Leon terkekeh pelan, “Yah, kalau kau mengatakannya seperti itu, itu sama sekali tidak salah. Di matamu dan kakakmu, ibumu dan aku seperti pasangan yang sangat kuat dalam cinta yang murni.”
“Hah? Ayah, kenapa Ayah tidak mengatakan apa-apa? Apakah Muen mengatakan sesuatu yang salah?” Muen bersandar di dada Leon, mendongakkan kepala kecilnya untuk menatapnya.
Leon menundukkan kepalanya dan mencubit pipinya dengan lembut, “Kau benar sekali, Sayang. Ibu menyukai Ayah. Tapi Ayah ingin tahu apakah ada hal lain yang disukainya. Mungkin sesuatu untuk dimakan atau dimainkan?”
Mata Muen langsung dipenuhi kebingungan. Yah, sepertinya dia tidak akan bisa menjawab apa pun jika ditanya langsung.
Leon menoleh ke Noia, yang duduk diam di samping mereka, menatap matahari terbenam di kejauhan.
Cahaya merah tua terpantul di matanya, mengingatkannya pada hari ketika Ibu dan Ayah berkencan di bawah matahari terbenam yang indah ini.
Sayangnya, di saat-saat terakhir kencan, Anna menghalangi mata dia dan Noia, mengatakan bahwa anak-anak tidak dapat melihat—
Oh! Noia teringat.
“Ibu berkata bahwa rentang hidup ras naga terlalu panjang, dan segala sesuatu yang indah memiliki hari kedaluwarsanya, hari ketika ia tidak lagi disukai. Jadi, baginya, keindahan yang cepat berlalu memiliki makna yang lebih nostalgia.”
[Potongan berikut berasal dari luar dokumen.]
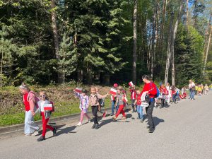 Pełni entuzjazmu, trzymając biało-czerwone flagi, wyruszyliśmy na wspólny spacer, by w duchu patriotyzmu i wspólnoty uczcić ważne dla każdego Polaka święta majowe. Były wspólne rozmowy, integracja, posiłek oraz dużo radości i uśmiechu!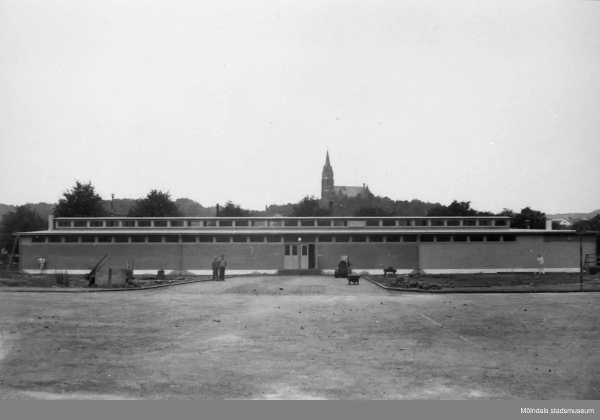 Saluhallen, sett från Nya torget i väster, stod färdig 1937. Alla arbeten runtomkring är ännu inte slutförda. I bakgrunden ser man Fässbergs kyrka.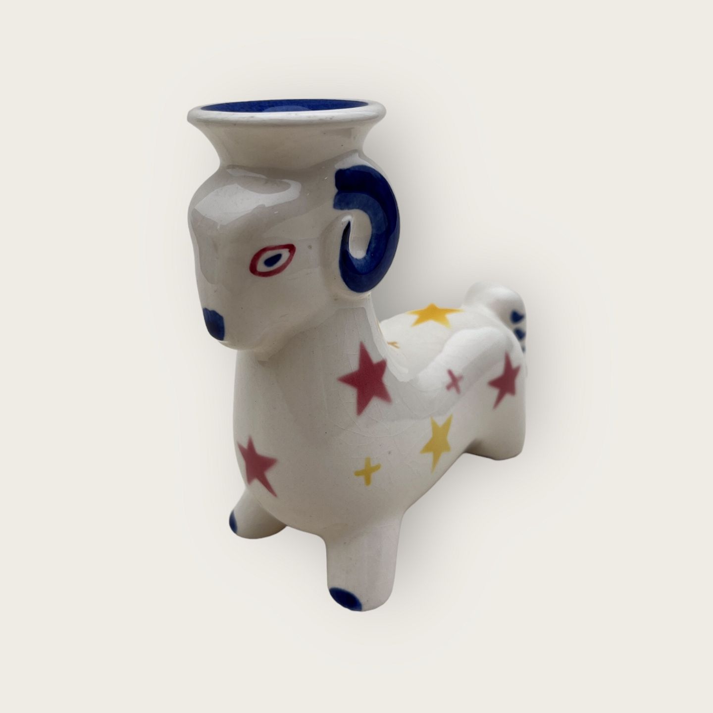 Royal Copenhagen, Aluminia, Christmas goat with stars, 11cm wide, 10cm high, Design Kaj Lange *Nice condition with some cracking*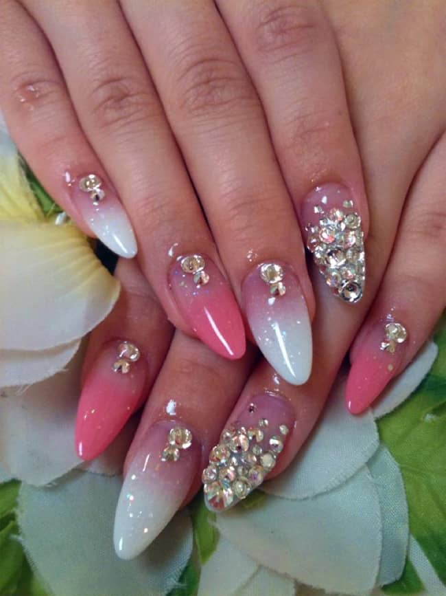 nail acrylic designs nails rhinestones simple rhinestone cute pink christmas pretty gems gradation jewel awesome swarovski acrylics cool ombre oval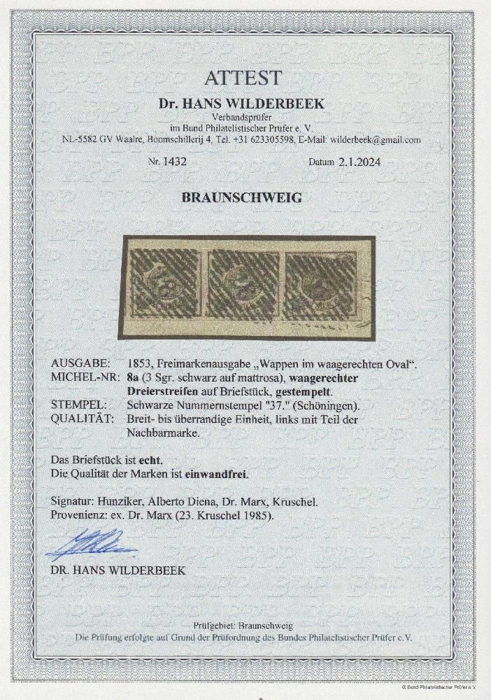 | Zusatzinformationen und Suchstichworte: | Südphila P. Feuser 101. Auktion 16. März 2024 Los 167 Altdeutschland Braunschweig 3 Sgr. a. rosa, breitrandiger waagerechter Dreierstreifen auf vorzüglichem Luxus-Briefstück mit klaren Stempeln "37" Schöningen, eine sehr seltene Einheit Ausruf 500,00 EUR |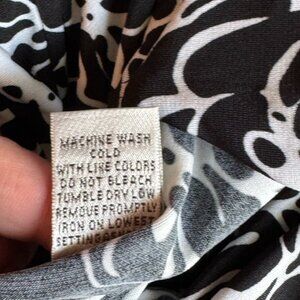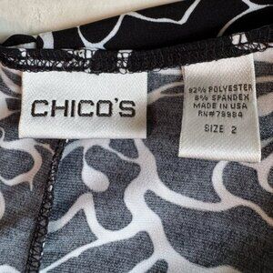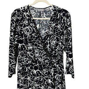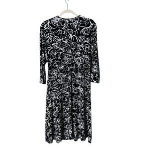 Chicos Faux Wrap Floral Dress Large Liquid Knit Midi Classy Artsy Career Wear Black White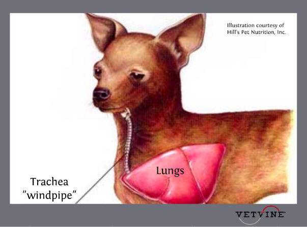 The trachea ("windpipe") is an anatomic structure that connects the larynx to the lungs. The trachea carries inhaled air into the lungs, and as the animal exhales, the trachea carries it away.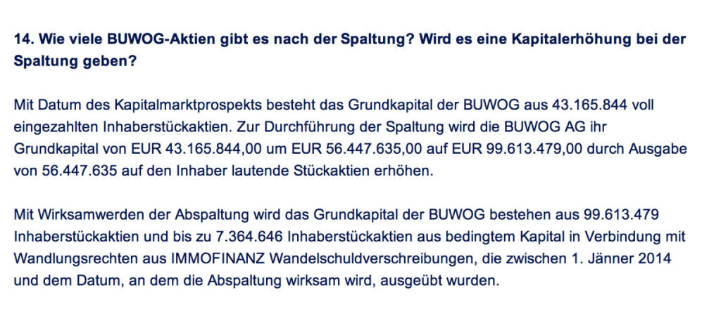 „ Frage an Immofinanz/ Buwog: Wie viele Buwog-Aktien gibt es nach der Spaltung? Wird es eine Kapitalerhöhung bei der Spaltung geben? “

Begitulah yang diceritakan Anna kepada Noia saat ingin mengabadikan momen saat Ayah dan Ibu bergandengan tangan dan berjalan di pantai.
Dia melirik Leon. “Ini yang terbaik yang bisa kupikirkan.”
“Apakah keindahan yang sekilas itu…?” Leon merenungkan kalimat itu. Meskipun ia masih belum menemukan sesuatu yang benar-benar ia sukai, setidaknya ia sekarang memiliki gambaran kasar.
Tunggu saja, Ibu Naga, aku pasti akan mengatur ulang tahun yang memuaskanmu dan tak terlupakan—
Sedangkan untuk bagaimana hal itu akan menjadi “tak terlupakan”, kita akan memainkannya dengan intuisi—mari kita lihat!